Silent Service

Ever since I was a young boy, I remember being surrounded by a few people who made a lasting impression on me. Chief among them were my own Nana (maternal grandfather), and his brothers. Why? Because while they were staunch businessmen who had come from rather modest circumstances in rural Bihar and made it big, in the big city; they never once forgot their roots, their humble beginnings, and their community.

While they amassed great fortunes in trading and liaison with a slew of foreign countries, their hearts and their minds were firmly planted back home. So what did they do? They made time, put in effort, and spent a good deal of their own money to further the cause of those, less fortunate.

You’d be forgiven for thinking this isn’t any glorious achievement in itself. Perhaps you’d be right. There are however a few key differences that made them stand out, back then, and even today. See those were the days when CSR (corporate social responsibility) was neither in vogue, nor mandated. Despite that, they happily gave back to the community. THAT made it special. Second, they never did, and never have until this day, EVER, in the slightest, displayed, advertised or publicized their contributions, monetary or otherwise, to any social cause. And that to me, is the key difference. That’s what makes these men, truly great. That’s what makes them the very embodiment of the word ‘Karma’ as I understand it.

Today we seem to be inundated with stories across the media and on various platforms of the charitable accomplishments of individuals and organizations. That’s all well and good. But isn’t the point and true meaning of social service, service (and not publicity)?
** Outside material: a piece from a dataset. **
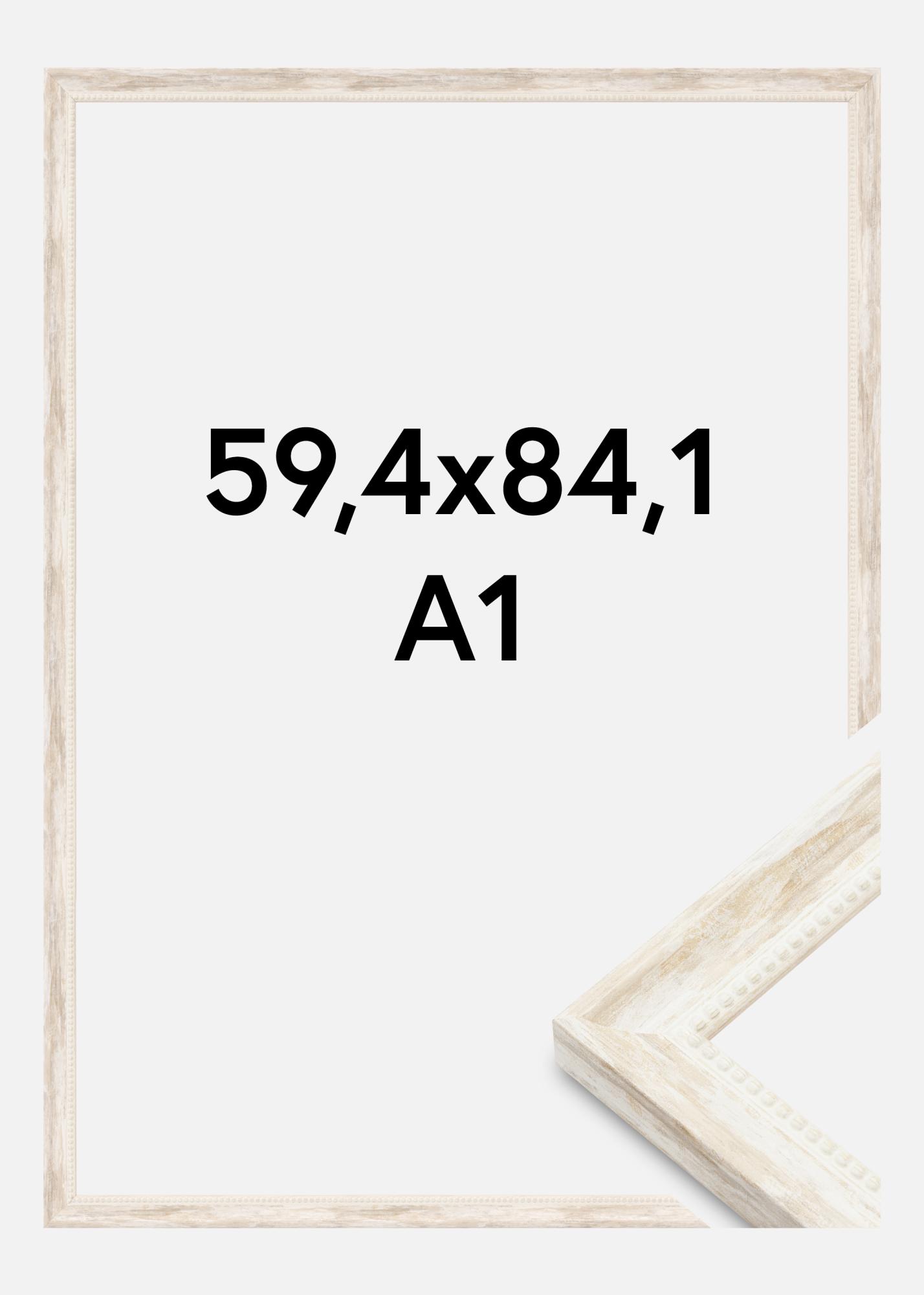 Diesen wunderschönen Bilderrahmen in der Größe 59,4x84,1 cm ist eine perfekte Kombination aus rustikalem Charme und stilvoller Eleganz. Mit seiner weißen Farbe und der dekorativen Perlrand entlang der Innenseite bietet er eine subtile antike Note, die sowohl Kunstwerke als auch Fotografien aufwertet. Dieser Bilderrahmen ist aus Holz gefertigt und hat eine 25 mm breite Leiste sowie eine Tiefe von 19 mm, was ihm ein robustes und solides Gefühl verleiht.

My Nana runs an absolutely free Hostel in the middle of Calcutta where scores of young students from his village back in Bihar, for over half a century, have come, lived, eaten, studied, all for free, and gone on to make wonderful lives for themselves. And NOBODY even knows this place exists! Likewise, his brothers have sponsored able, meritorious students to various institutions the world over, including paying their entire Ivy League Tuition, and again, not a peep out of these greatly generous men.

Benevolence to me then has always meant service with humility, subtlety, and a certain amount of restraint. Else, it dilutes the essence of true giving. It becomes a hedonistic, self-centered endeavor. Service ought to be silent. Service speaks for itself!